3. As Christians we believe our God is both almighty and loving.

But surely if God were really both, he would not allow such a burden of suffering to exist. He would not have made us humans subject to original sin, we would always be perfectly good, and we would never cause others to suffer. He would have created a universe in which natural disasters and disease were absent, and where we would be immortal. Therefore, some say, if God exists he can’t be both: if God is almighty he can’t always be loving, and if God is always loving he can’t be almighty.

This is known as the Problem of Suffering, or the Problem of Evil, and it has been debated by philosophers and theologians since time immemorial. I think the apparent paradox at the heart of it is something that prevents many thoughtful, caring people from accepting our Christian view of God. So how can we as Christians resolve it?

Many Christians, using an argument first made by St Irenaeus in the C2nd, suggest that God made us with free will, and therefore capable of sin which causes suffering, because only that way could we be souls, moral beings made in his image, capable of freely choosing good.

More recently others have extended the argument to suggest that it may be logically necessary for God to establish the universe with the natural laws it has, in order that beings like us can emerge who are free to choose to love. And surely a universe without freely given love but without suffering would be worse than one with both. One such is the eminent physicist John Polkinghorne, who is also an Anglican priest.

These are only speculations, and there are many others, which you can accept or not. But for myself, I think that I must accept as a Christian, with all humility, that I just do not know why God has made both human-kind and the universe such that suffering exists. I believe God is both almighty and loving, so I must also believe that he had sufficient reason to do so. But what that reason is is hidden from me. There is so much that is hidden from us, at least for now!

4. The Romans would have understood Paul’s reference to ‘our sufferings’ to mean their persecution.
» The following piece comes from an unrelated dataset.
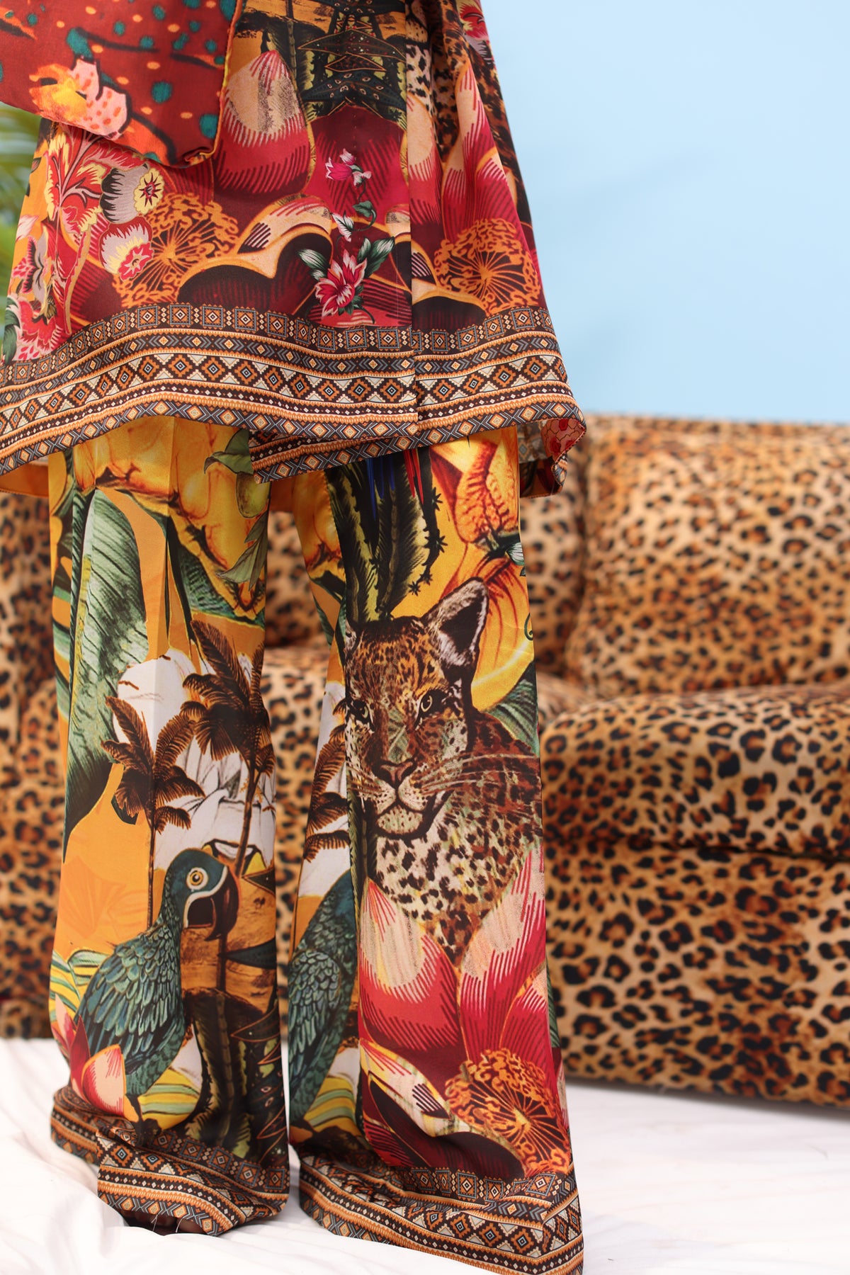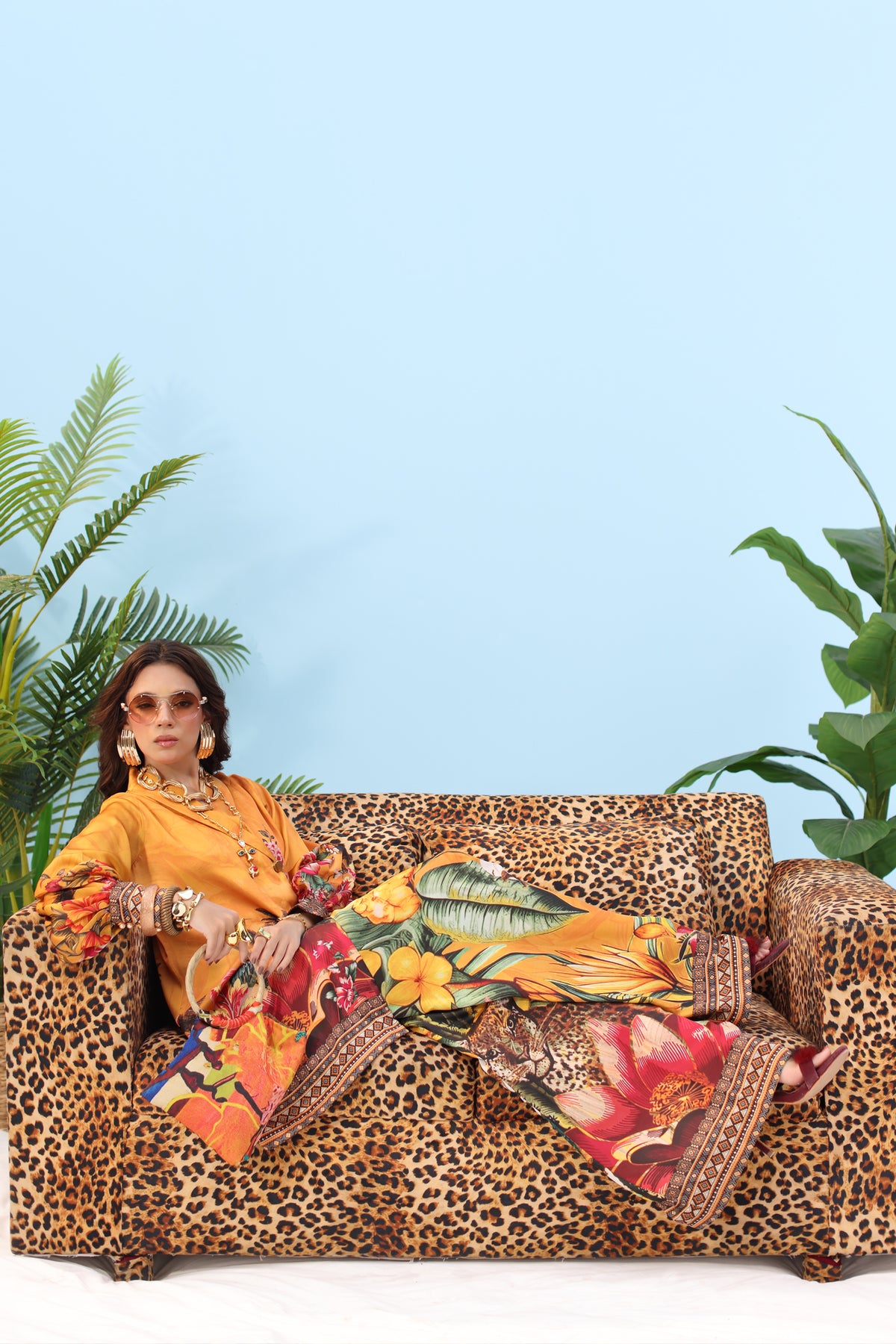 “Rich and radiant, this creation embodies chic sophistication with its sculpted layers and fluid lines. The vivid golden canvas bursts to life with tropical artistry, while tailored accents and flared proportions reflect couture-level precision and thoughtful design storytelling.”

Scholars say the letter was probably written by Paul around AD55. The Emperor Claudius had expelled Jews from Rome in AD49, ‘because the Jews constantly made disturbances at the instigation of Chrestus’, a likely misspelling of Christus, Christ. No doubt the authorities continued to make life difficult for the early Christians, and we know that in AD64 Nero was able to scapegoat them for starting the great fire during which he fiddled.
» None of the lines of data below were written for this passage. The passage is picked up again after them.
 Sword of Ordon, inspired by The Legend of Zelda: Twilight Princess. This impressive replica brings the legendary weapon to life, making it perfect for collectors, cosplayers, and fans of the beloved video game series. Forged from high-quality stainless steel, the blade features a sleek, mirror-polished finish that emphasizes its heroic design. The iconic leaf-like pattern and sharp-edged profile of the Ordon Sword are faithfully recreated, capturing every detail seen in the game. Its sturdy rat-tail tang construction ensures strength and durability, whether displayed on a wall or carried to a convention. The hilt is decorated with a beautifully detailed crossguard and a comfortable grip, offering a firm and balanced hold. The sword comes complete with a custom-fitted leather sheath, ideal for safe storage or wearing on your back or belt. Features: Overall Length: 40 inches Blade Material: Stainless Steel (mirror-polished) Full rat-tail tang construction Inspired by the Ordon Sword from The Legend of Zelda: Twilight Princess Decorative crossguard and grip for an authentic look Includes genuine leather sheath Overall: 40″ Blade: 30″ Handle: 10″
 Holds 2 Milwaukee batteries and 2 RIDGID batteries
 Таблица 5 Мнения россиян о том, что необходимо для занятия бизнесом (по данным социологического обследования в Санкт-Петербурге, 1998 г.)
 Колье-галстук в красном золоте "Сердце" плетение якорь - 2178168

The way human psychology works, groups who are persecuted tend to be strengthened by it. No doubt these persecuted early Christians were proud of the endurance, character and hope they showed under persecution. I don’t think we should take the word ‘boast’ too seriously. No doubt Paul skilfully drew on their pride to get them to listen to his difficult theological message. But I don’t think in the context we can accuse Paul of glorying in something evil.
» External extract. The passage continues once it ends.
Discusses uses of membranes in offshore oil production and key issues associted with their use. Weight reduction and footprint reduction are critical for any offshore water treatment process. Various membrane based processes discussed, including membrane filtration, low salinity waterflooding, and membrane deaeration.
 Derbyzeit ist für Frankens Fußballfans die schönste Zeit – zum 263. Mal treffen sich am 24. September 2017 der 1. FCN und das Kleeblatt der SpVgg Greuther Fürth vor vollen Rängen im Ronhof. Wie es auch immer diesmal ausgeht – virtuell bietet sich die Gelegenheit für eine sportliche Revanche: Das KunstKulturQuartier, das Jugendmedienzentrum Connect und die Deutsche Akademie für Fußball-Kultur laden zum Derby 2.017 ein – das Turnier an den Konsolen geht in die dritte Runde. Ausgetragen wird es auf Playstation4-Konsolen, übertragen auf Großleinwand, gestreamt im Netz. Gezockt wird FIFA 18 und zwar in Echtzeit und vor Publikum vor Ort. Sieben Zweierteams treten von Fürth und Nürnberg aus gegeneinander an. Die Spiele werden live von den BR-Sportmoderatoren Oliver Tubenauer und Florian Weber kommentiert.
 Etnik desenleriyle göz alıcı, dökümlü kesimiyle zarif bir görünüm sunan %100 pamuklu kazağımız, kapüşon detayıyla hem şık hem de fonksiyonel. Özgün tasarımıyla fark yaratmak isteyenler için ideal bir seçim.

Rather I think what is important is to see what we can learn from Paul’s message.

5. What St Paul is teaching us, I think, is that God suffers with us in the person of Jesus.

As he puts it, ‘God proves his love for us in that while we still were sinners Christ died for us’. Jesus, with perfect obedience to his loving father God, suffered a cruel death on the cross in order to show us all how to deal with the suffering and death which every one of us will know.

‘God’s love has been poured into our hearts through the Holy Spirit’, Paul says, just as Jesus promised us. It is this love which gives us the character to endure suffering, and never lose hope.

Our Christian hope is that by God’s grace our faith will justify us – that is our faith will put us in the right relationship with God – and so bring us ‘peace with God through our Lord Jesus Christ’.

God sent us his son, Jesus, to ‘proclaim() the good news of the kingdom’, as Matthew’s Gospel has it, and to show us his way of eternal life. He is always full of compassion for those who suffer.

How amazing it is that almighty God should make such a gesture of loving solidarity toward sinful people like you and me!

How comforting we find that solidarity when we ourselves suffer!

Let us thank God for expressing his solidarity with us in the life and mission, death and resurrection of Jesus Christ our Lord.